Domestic Cases from Other Jurisdictions

In the case of The Criminal Lawyers’ Association v The Ministry of Public Safety and Security ((2007) 86 OR (3d) 259; an appeal was heard by the Supreme Court of Canada on 11 December 2008 but still has not been given – the longest period of deliberation by the court for nearly 20 years, see this post on “The Court” blog.) the Court of Appeal of Ontario considered the right to freedom of expression under section 2(b) of the Canadian Charter of Rights and Freedoms in the context of the public interest override provision in section 23 of the Freedom of Information and Protection of Privacy Act 1990 (Ont).  A judge had stayed a murder trial on grounds of material non-disclosure by the prosecution, making very critical remarks about the police, including abusive conduct, deliberate editing of useful information and negligently failing to maintain original evidence. The provincial police investigated and issued a press release saying there was no evidence of a deliberate attempt to obstruct justice.   The claimant was an NGO which monitored the criminal justice system. It was concerned about the discrepancy between the judge’s findings and the outcome of the investigation by the provincial police. It sought access to documents concerning that investigation, which was refused by the government, relying on solicitor-client privilege. The exemption claims were upheld, but the Information Commissioner applied the public interest override to order release of the documents to which it applied. The commissioner could not do so with respect to the documents to which solicitor-client privilege applied because this was excluded from the operation of the override by the terms of section 23.

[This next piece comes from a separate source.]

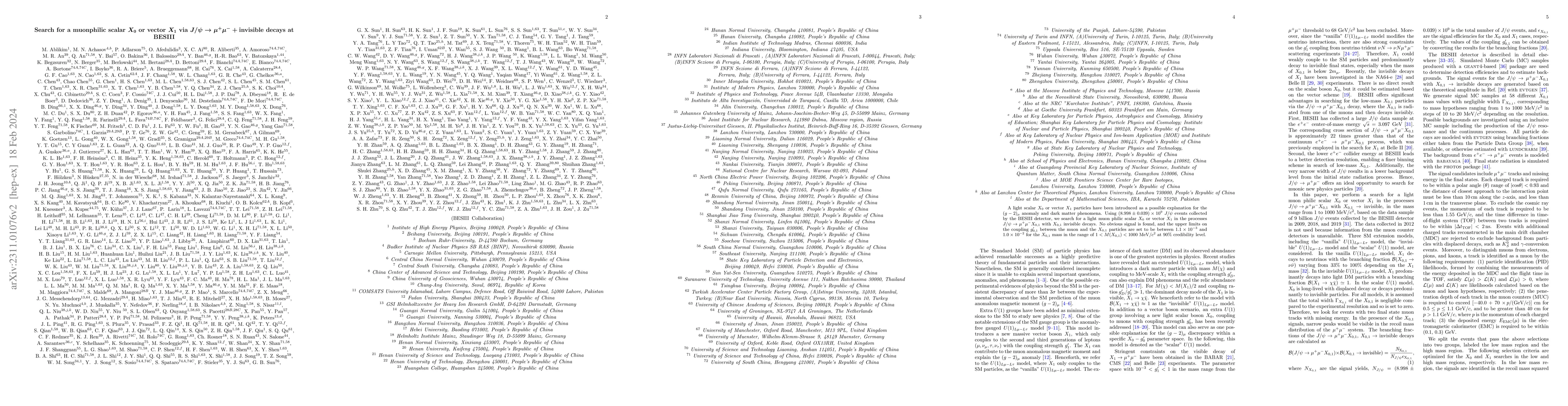 the processes $J/\psi\to\mu^+\mu^- X_{0,1}$ with $X_{0,1}$ invisible decays. No

The Court held that section 23 unjustifiably limited the applicant’s right of freedom of expression as guaranteed in section 2(b) of the Charter because section 23 did not allow solicitor-client privilege to be overridden when the public interest compellingly required it.   It held that the public interest override provision infringed the association’s right to freedom of expression because the scheme of the freedom of information legislation was to assist expression.  It ordered words to be read into the statute to permit a public interest override in solicitor client privilege cases.

In XYZ v Victoria Police ([2010] VCAT 255 para 558) after full consideration of the international cases and textbooks, the Victorian Civil and Administrative Tribunal held that the right to right to freedom of expression in s 15(2) of the Victoria Charter of Human Rights and Responsibilities

“implicitly imposes a positive obligation on the government to give access to government-held documents (freedom of information). The obligation I am specifying does not extend to creating documents, collecting data or disseminating information which has not been sought. The right to obtain government-held documents is not absolute and is subject to justifiable exceptions for objective, proportionate and reasonable purposes”.

Conclusion

In conclusion, therefore, the right to freedom of information is now properly described as a “human right”.  It has been widely recognised as being an essential aspect of the right to freedom of expression, a right protected by all general human rights instruments, including the Convention.  Without access to official information, many other human rights such the right to private and family life or to effective access to the Courts cannot be effectively exercised.  The promotion and defence of the central important rights to freedom of expression, privacy and access to court directly and necessarily involves the establishment and exercise of the fundamental human right to access to official information.